Each individual vote is the best that one can do, given their limited knowledge, their prejudices, and their fears. I know people with PhDs who voted for Jill Stein, and nothing could persuade them that their vote was thrown away -- they revel in the purity of their choice.
Where "stupid" comes in is in the aggregate. The result of all these individual actions is collective stupidity. The looming climate disaster was barely mentioned in the campaigns. It is collective stupidity to elect climate-denying, corrupt fools at this moment in history, just as it is corporate stupidity to focus on quarter-to-quarter profits when the burning of fossil fuels threatens to literally end the ability of humans to live at all.
For a big chunk of my life, I was a libertarian. Which, I finally realized, was a devotion to a silly utopian ideal in which productive geniuses would lead the way with enlightened self-interest. Burning up the planet you live on is not enlightened self-interest. Neither is selling products that kill people. There is no time now for the playing out of strong-man, fascist fantasies, or any other utopian scheme that is based on hatred of those who hold one set of ideals against those who hold another. (Fighting over pie while you are in the oven). Hands at each others' throats, they fail to see that the hurricanes, tornadoes, wildfires, heat waves, droughts, and superstorms are indifferent to politics.

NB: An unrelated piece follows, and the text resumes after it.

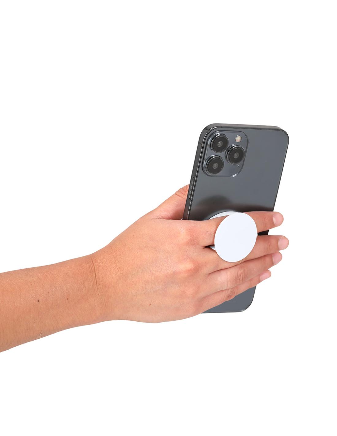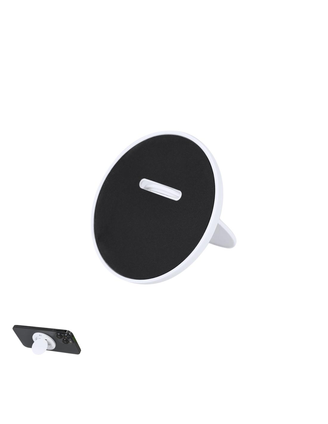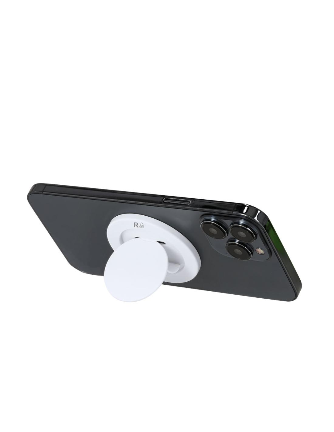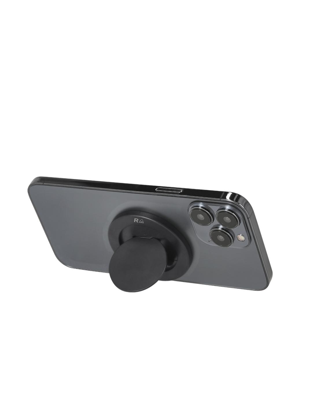Soporte magnético para smartphone en ABS Reciclado con diseño compacto y plegable. Incluye función doble, soporte retráctil para apoyar teléfono y sujeción segura.

Only the greatest collaborative scientific and engineering effort will save the human species from the climate catastrophe. Everything else is a distraction. And yes, the word "stupid" applies, especially since we cannot wait ten or twenty years for the politics to swing round from fascist to liberal.
Bottom line: even "educated" people do stupid things, and when they do them en masse, we are collectively stupid.